Perils of poverty  

More than half of Pakistan’s population lives in areas of disproportionate poverty, and at the same time, it is beyond our reach to control its impacts. The consequences of poverty are cyclical, with each consequence leading to a different cause, which in turn results in yet another effect that adds to the hardships in this world. When monetary imbalance becomes a factor, children are forced into labor to support their families. They are pushed into becoming household help for affluent and upper-middle-class households, which is an increasingly worrisome trend in Pakistan.

These children are sent to work as maids despite the dangers of violence, verbal and sexual abuse they may face. We have come across infamous cases of child maids like Tayyaba, a ten-year-old who was tortured by a judge and his wife, resulting in several injuries, or the case of Nazia Shaukat, a girl in her early teens who was compelled to work as a household help in Lahore only to be brutally beaten by the owners’ daughters. Unfortunately, it has been proven that the exploitation of youngsters in underprivileged households is passed down from one generation to the next, and breaking the cycle of child labor seems nearly impossible.
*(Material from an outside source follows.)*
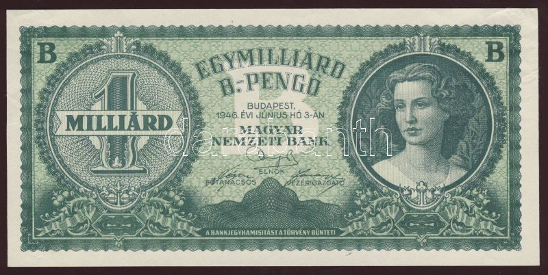 1946. 1000.000.000B.-pengő "zöld" T:II+ https://www.darabanth.com/hu/72-Gyorsarveres/72.0/Numizmatika/Osztrakmagyar-magyar-es-magyar-vonatkozasu-bankjegyek~199/1946-1000000000B-pengo-zold-TIIplus~II144633
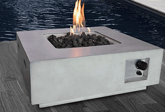 Santiago 30" Square Fire Pit with Protective Lid | Outdoor Furniture for Home; Patio and Garden (Concrete Finish; Size :- 30'' H x 30'' W x 11'' D)

As outlined in the Constitution and emphasized by Quaid-e-Azam, Pakistan must transform into a welfare state, but do we have what it takes to bring about tangible change? We often fail to recognize that as citizens of Pakistan, we all bear responsibility for these neglected children. They need to be heard and seen. Perhaps we can start by understanding that most children who enter the labor force do not do so by choice but due to circumstances. It is time we question our own prejudices and biases.